經過方才的小插曲之後,林風一行三人很快走進了南山之都。南山之都雖然懸空而立,但是城內的構造,似乎和其他都城並無二處。若說有什麼不同的地方的話,那麼唯有雄偉二字。
整齊的青石板的街道的兩側,一座座商鋪林立。雖然每家商鋪僅有三層樓,高不足三十丈,但是卻給人一種大氣孤傲之勢。林風眺望街道的盡頭,只見一座大殿昂然立首,雄踞南都的中心位置。
街道上來往的行人,大多是八星武尊之上的高手,不少行人的實力更是在尊級巔峰與聖級之間飄忽不定。林風知道,他們和自己一樣,也是因為奕龍柱的緣故,實力被壓制到了九星武尊巔峰。
“沒想到,在這裡竟然會有這麼多的聖級高手。
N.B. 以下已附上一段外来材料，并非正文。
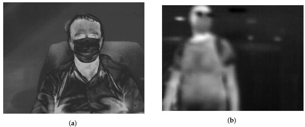
Figure 1. Examples of two types of images included in dataset: (a) good quality image and (b) poor quality image.
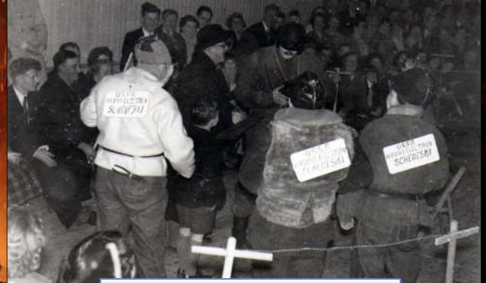
Squad 5 - "Russia Comes to the Rescue" [1961]
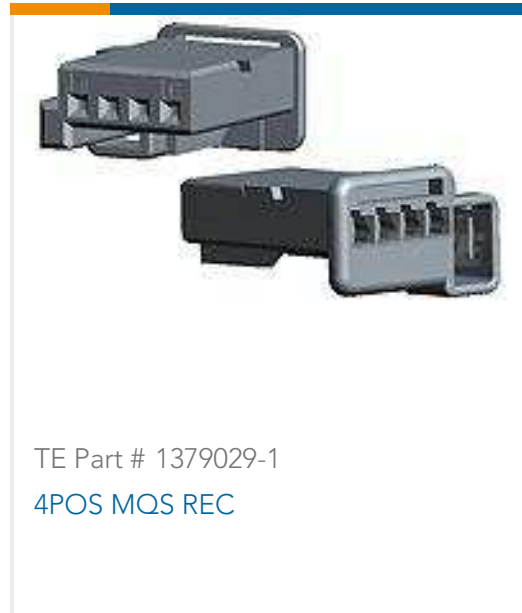
TE Part # 1379029-1 4POS MQS REC
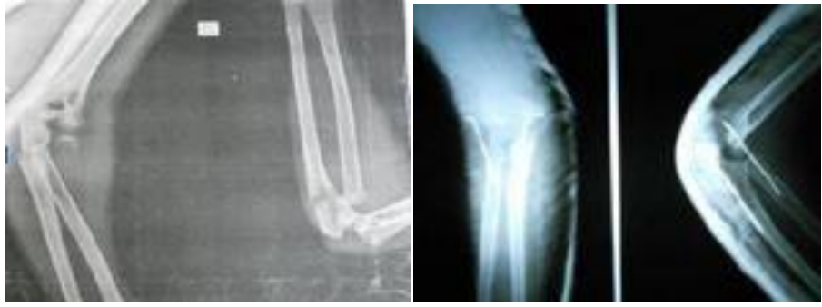
Fig 6: Pre op X ray
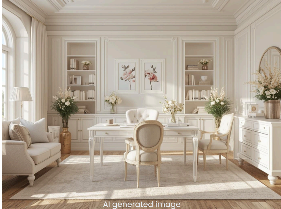
AI generated image

We often forget that the word of God is alive and active (Hebrews 4:12). That means when you read the word of God you should expect it to challenge the beliefs you have, to disrupt the order in your life, to rattle the foundation that you've build your convictions on. The word is going to do a work in you that will not be pretty, that won't be comfortable, easy, simple, or enjoyable.
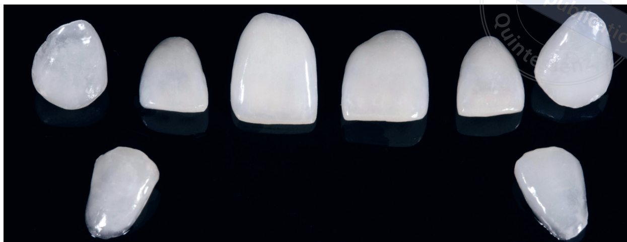
Fig 19 Anterior veneers fabricated from LS2 and feldspathic ceramic.

light-curing resin cement utilized (Variolink Esthetic LC – light). Figures 20 to 22 show the final aspect of the patient's smile.

”林風輕輕嘆息一聲道。
在大陸上歷練了這麼久,林風對各大勢力的實力,也是基本有所瞭解。然而在這短短的幾個時辰之內,自己所見到的聖級高手,竟是自己已知的聖境高手的數倍!
“大陸上各大勢力只不過是擺在門面上的而已,真正的大族,勢力,卻已大都選擇了歸隱,或者是低調行事。你真當大陸上沒有高手麼?”任逍遙輕笑一聲,緩緩道:“雖然不少人稱我為酒劍仙,但是據我所知,實力與我相差無幾的高手,亦有不少,實力比我強的,也有那麼幾個人。”
,聞言,林風二人不由的倒抽了一口冷氣。
只聽任逍遙繼續道:“南山之都從不插手大陸上各大勢力之間的鬥爭,所以各大勢力也是對南山之都保持這默許的狀態。而且因為南中會的緣故,大陸上的一些散修的高手,大多選擇在南山之都靜修。可以說,南山之都是臥虎藏龍之地,隨意一人的放到大陸上,都足以開宗立派。”
林風暗暗地點了點頭,試想一下,一個武宗就能夠開宗立派,更何況這些實力最低都在武尊之上的高手?而且還不是一個...
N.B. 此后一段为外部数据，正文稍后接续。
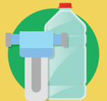
GALLON OF WATER & FILTER
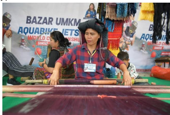
Figure 3. Making typical Batak ulos cloth at the UMKM booth around the venue
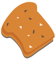
Bread, cereal, rice, noodles, pasta
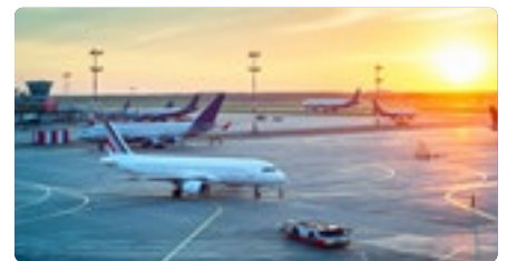
Airports & Airlines
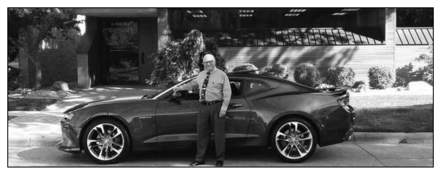
or, I will gladly drive to your office
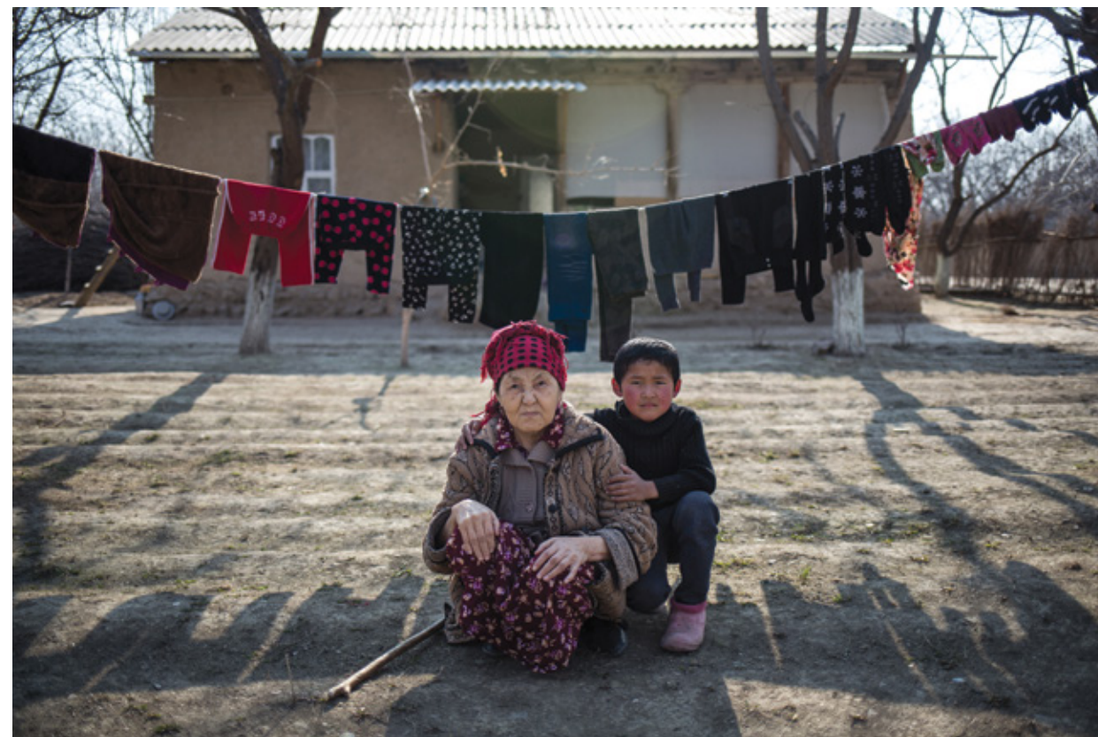
Sixty-year-old Ainysa and her six-year-old grandson. Chek village, Batken oblast

2015 • Photograph 12 1/4 x 18 1/2 inches
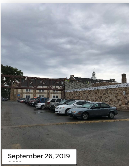
Phase 1 (New Gym Addition) Northern View of New Bridge Connector
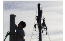
Photos: Cubs Park Grand Opening
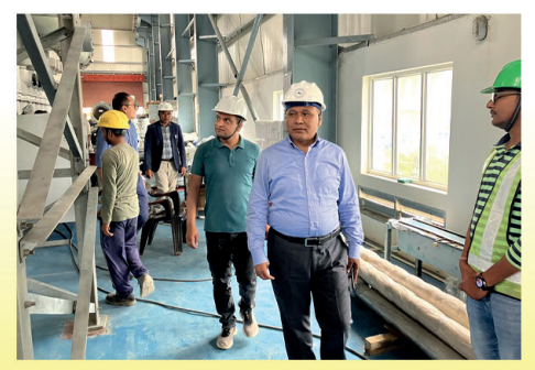
KULA MAN'S TWO YEARS A LONG MARCH
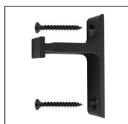
RT-WML-BK Wall Mounted Bracket, Long
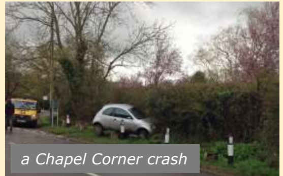
a Chapel Corner crash

2008 Record nine car crashes at Chapel Corner. Vodafone 3G broadband reaches parts of Hamstead. Elm Farm's listed barn is rebuilt, followed by major conversion of farmyard buildings.
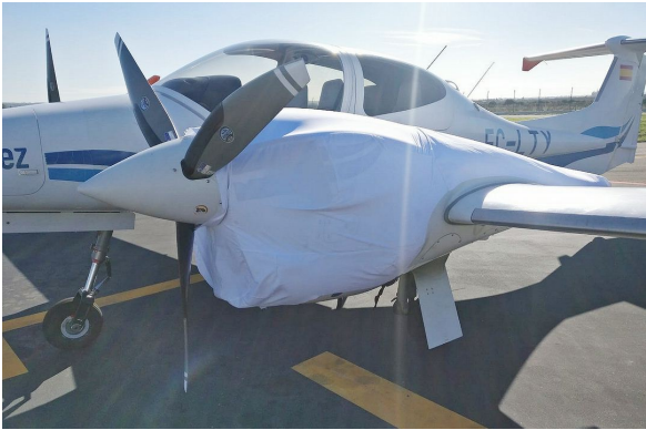
DA42 MPP Guardian (DA42-NG) Engine Cover, test fit cover

“好了,跟我來吧。”見林風二人默不作聲,任逍遙隨意的笑了笑,熟稔的帶著林風二人,向城中深處走去。
“哈哈,任兄好久不見。”
一家名為君悅來的客棧門前,林風三人剛剛走到這裡,便聽到客棧內傳來一陣大笑聲,緊接著一個華服老者從客棧內走了出來。
“是啊,周兄,二十年不見,沒想到你這老小子的實力,都快要超過我了。”看到來人之後,任逍遙大笑道。
“呵呵,若是二十年無一點進步的話,那這些年頭,豈不是活到狗身上去了?”周姓老者呵呵笑道。
目光在林風二人身上打量了一下,見林風年紀輕輕便已是聖級高手,臉上露出了一絲的驚訝之色:“我可記得你這老傢伙是從來不會帶人來這裡的,怎麼這次還帶了兩個?這位小友是?”
“他?哼!”聞言,任逍遙看了林風一眼,隨口道:“不成器的弟子罷了,那個是我的徒孫,他的弟子。這位是周武雄,這家客棧的老闆。”
“小子林風見過周老。”林風趕忙拱手道,天擎也是笑著行了一禮。
“哎呀,你這老傢伙倒是有趣。得了便宜還賣乖?這麼好的弟子不要,給我也行啊。”一聽林風是任逍遙的徒弟,周武雄不由的咧了咧嘴,滿是讚賞的看著林風,隨口道:“我看這個小傢伙也是不錯,這般年紀便能達到八星武尊的修為,實屬不易。”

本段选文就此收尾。